Salmon egg fried rice, superfuel by Annabel Karmel
- Serves: 4
- Prep: 10 mins
- Cook: 15 mins
An exciting salmon egg fried rice dish that introduces your little one to some new flavours. Eggs are a good source of high quality protein and are packed with vitamins and minerals. Both eggs and salmon provide essential omega 3 fatty acids so you have a supercharged combo. Introducing eggs early in the weaning process at around six months can also help protect babies against developing an egg allergy.
Suitable from around 12 months.
Ingredients
125g basmati rice
2 salmon fillets
2 tbsp sunflower oil
4 spring onions, finely diced
½ red pepper, deseeded and finely diced
1 small carrot, peeled and finely diced
1 clove garlic, crushed
2 tbsp tinned sweetcorn
50g frozen peas
Reduced salt 1 ½ tsp hoisin sauce
Reduced salt 1 tsp soy sauce
Knob of butter
3 large British Lion eggs
1 tsp soy sauce
Method
- Cook the rice in boiling water according to the packet instructions. Drain and leave to cool.
- Meanwhile, place the salmon fillets in a microwave safe dish and cover with clingfilm. Microwave the salmon for 3 ½ minutes. Pierce the fish with a fork in the centre to check the salmon is cooked through (or you can oven cook at 180˚C Fan). Set aside.

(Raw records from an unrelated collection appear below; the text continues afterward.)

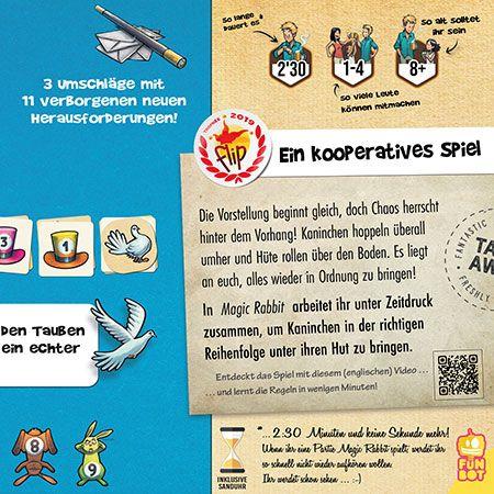 Magic Rabbit ist ein schnelles Spiel für 1 bis 4 Personen ab 8 Jahren, bei dem ihr unter Zeitdruck zusammenarbeiten müsst, um Hasen und Hüte in die richtige Reihenfolge zu bringen.
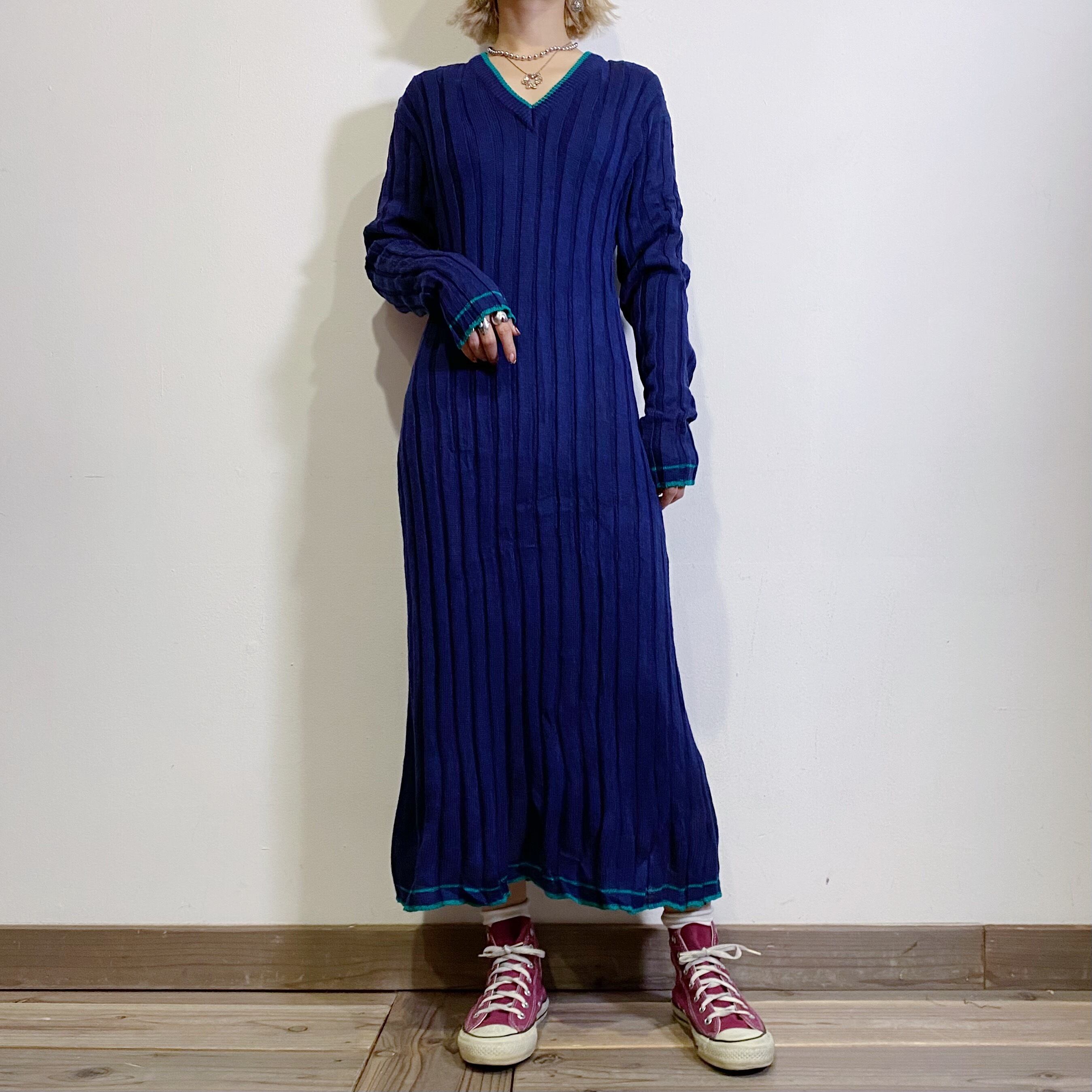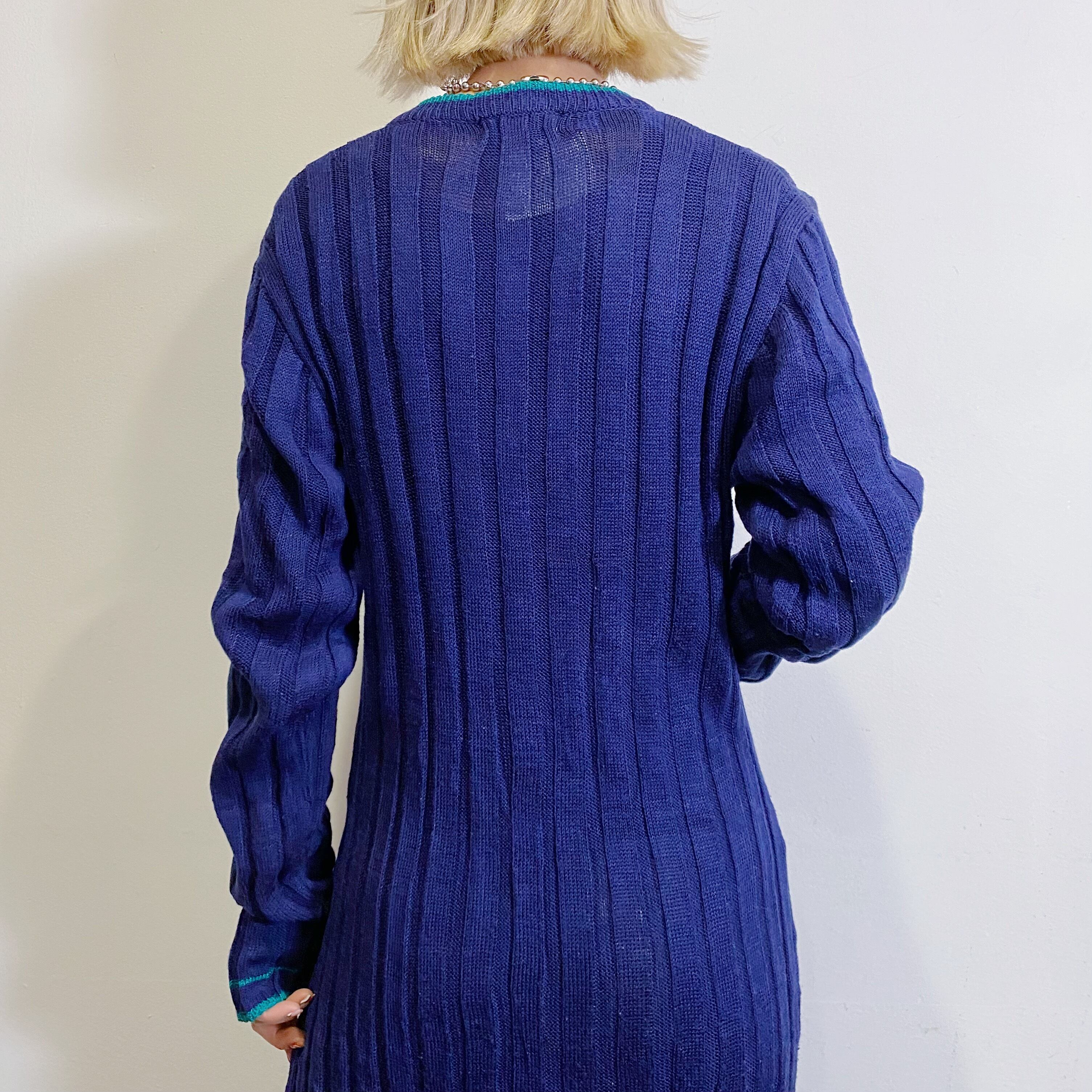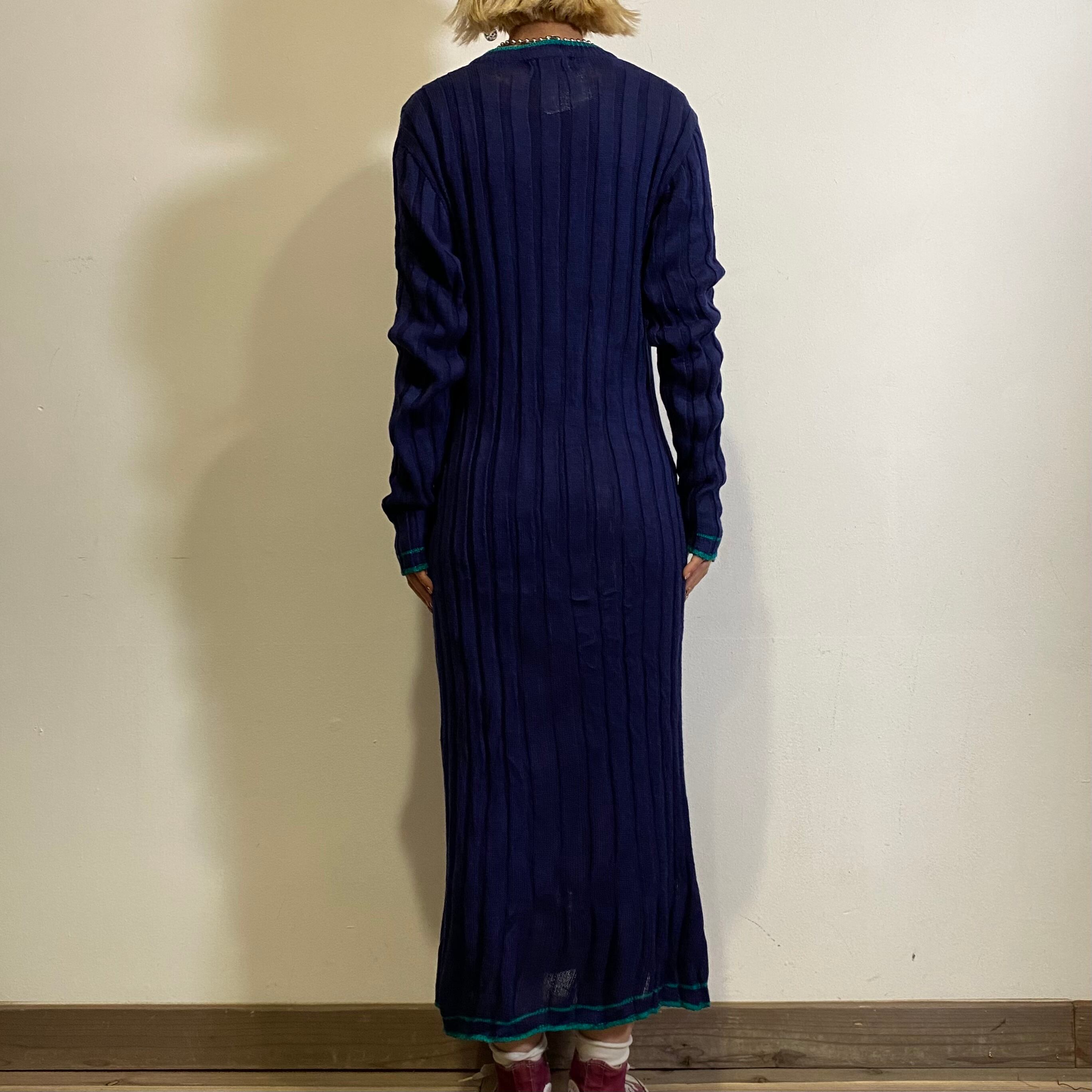 ネイビーベースにターコイズブルーのラインがポイントの80年代ニットワンピースです。
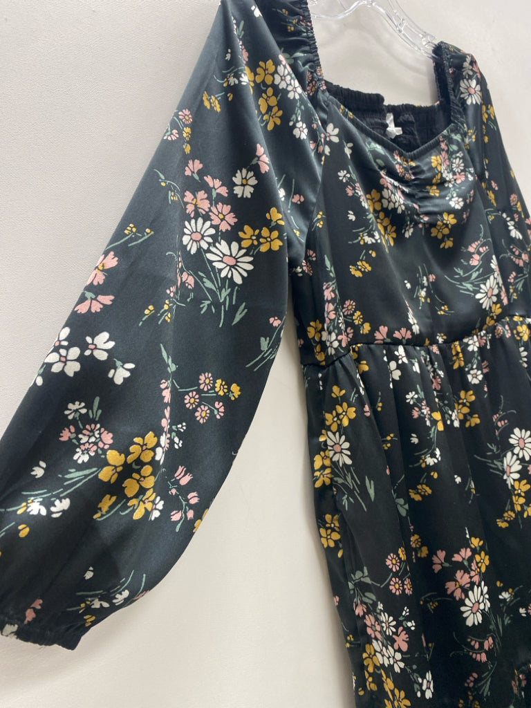 Abercrombie Kids SIZE 13/14 Black/Gold Pink/White Flowers Satin Girl's Dress
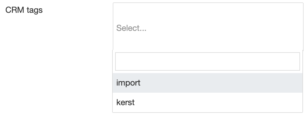 Het CRM tags veld toont nu de 2 geselecteerde CRM tags |
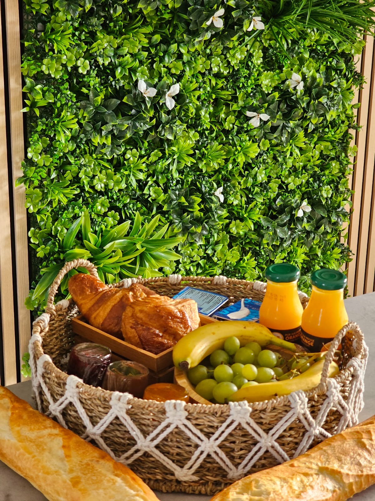 petit déjeuner livré devant votre porte à partir de 7h du matin.

- Heat the oil in a wok. Add the onions, pepper, carrot and fry for 4 to 5 minutes.
- Add the garlic and fry for 15-20 seconds.
- Add the cooked rice, peas and sweetcorn and toss over a high heat.
- Add the hoisin sauce and soy, flake the salmon into the wok.
- Separately, beat the eggs in a small bowl with the teaspoon of soy sauce. Melt the butter in a small frying pan. Add the egg and stir over a medium heat until scrambled.
- Add the scrambled egg to the wok and gently fold in and serve.